Find the predicted selling price for a home of 3000 square feet that is (i) new, (ii) not new.

For a new, 3000 sqaure foot house, the predicted price will be $365900.18

For an older, 3000 sqaure foot house, the predicted price will be $308163.9

Fit another model, this time with an interaction term allowing interaction between size and new, and report the regression results

	Estimate	Std. Error	t value	Pr(>\|t\|)
(Intercept)	-22227.80793	15521.109973	-1.432102	0.1553627
Size	104.43839	9.424079	11.082080	0.0000000
New	-78527.50235	51007.641896	-1.539524	0.1269661
Size:New	61.91588	21.685692	2.855149	0.0052716

For this model, the size of the house and the interaction between “newness” and size were deemed to be significant in predicting the price of a house. Unlike the previous models, “New” in itself was not considered to be significant.

Report the lines relating the predicted selling price to the size for homes that are (i) new, (ii) not new.

Selling Price = -22227.81 + 104.44(Size) + (-78527.5 for a new house) + (61.92 * size * new house)

Find the predicted selling price for a home of 3000 square feet that is (i) new, (ii) not new.

For a new, 3000 square foot house, the predicted price will be $398307.51

For an older, 3000 square foot house, the predicted price will be $291149.28

Find the predicted selling price for a home of 1500 square feet that is (i) new, (ii) not new. Comparing to (F), explain how the difference in predicted selling prices changes as the size of home increases.

For a new, 1500 square foot house, the predicted price will be $148776.1

For an older, 1500 square foot house, the predicted price will be $134491.69

The size in home will raise the predicted selling price of the home, which is a common reality. - Do you think the model with interaction or the one without it represents the relationship of size and new to the outcome price? What makes you prefer one model over another?
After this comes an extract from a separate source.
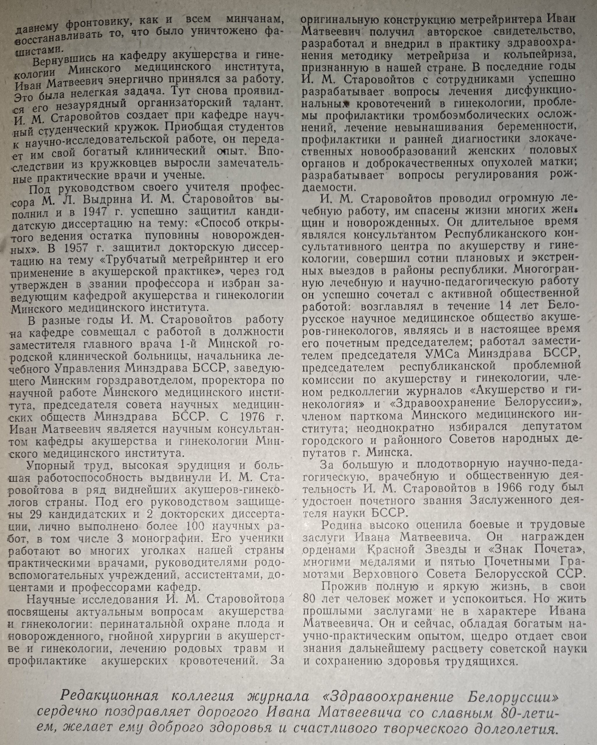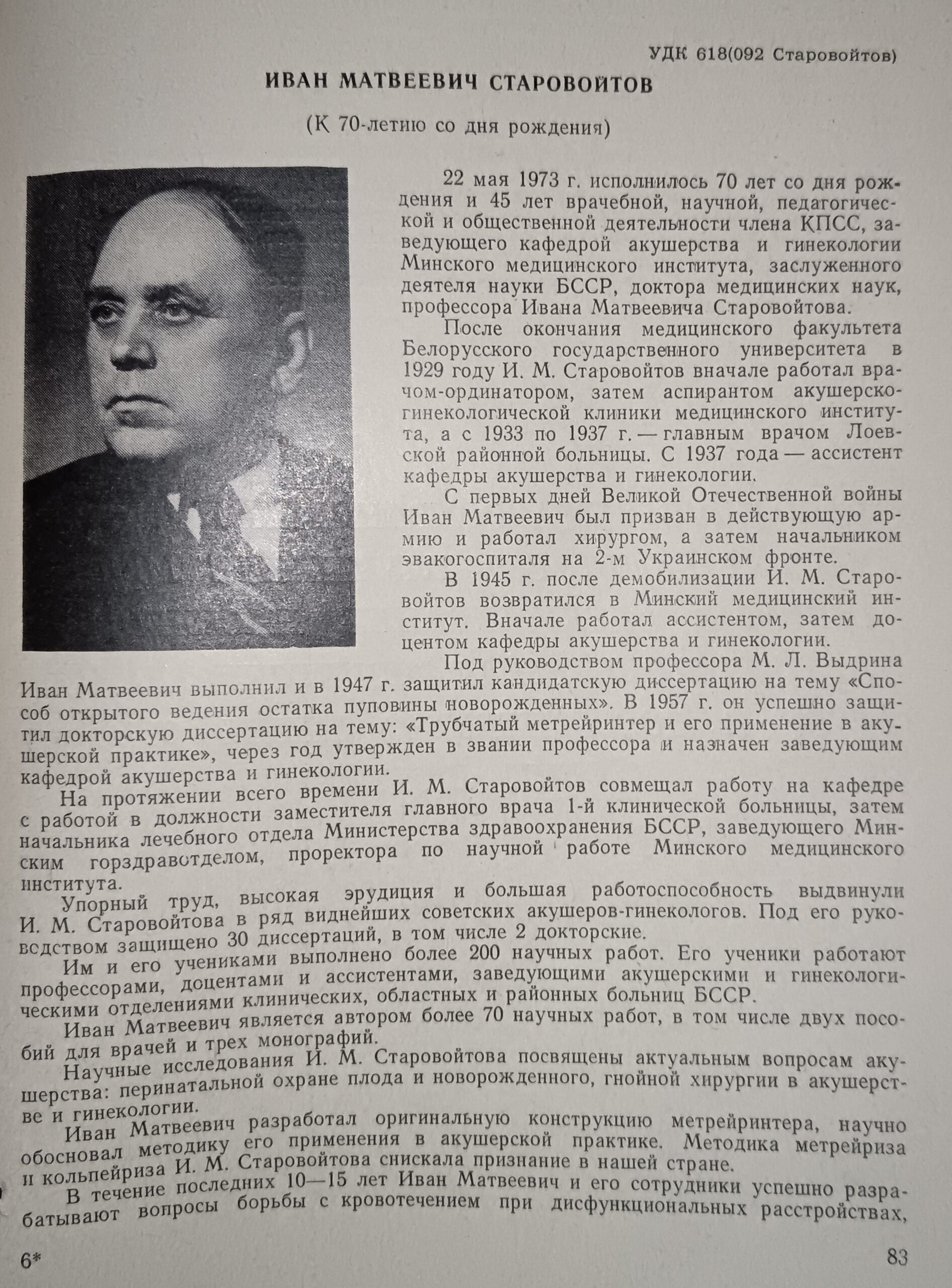 Ученый в области акушерства и гинекологии. Основоположник белорусской школы акушеров-гинекологов.

Using adjust R Squared as a way to determine which model does better, the interaction model wins out as its Adjusted RSquared of .736 is slightly higher than the regular model, which has an Adjusted RSquared of .717. I think both models do a sufficient job of explaining the reality that the size of a home does increase the cost. I would prefer the interaction model only because it does help validate my thinking that the size of a house combined with its “newness” makes a difference, which happens to be reflected by the fact that the interaction term was deemed to be statistically significant, at least using these two parameters as predictors.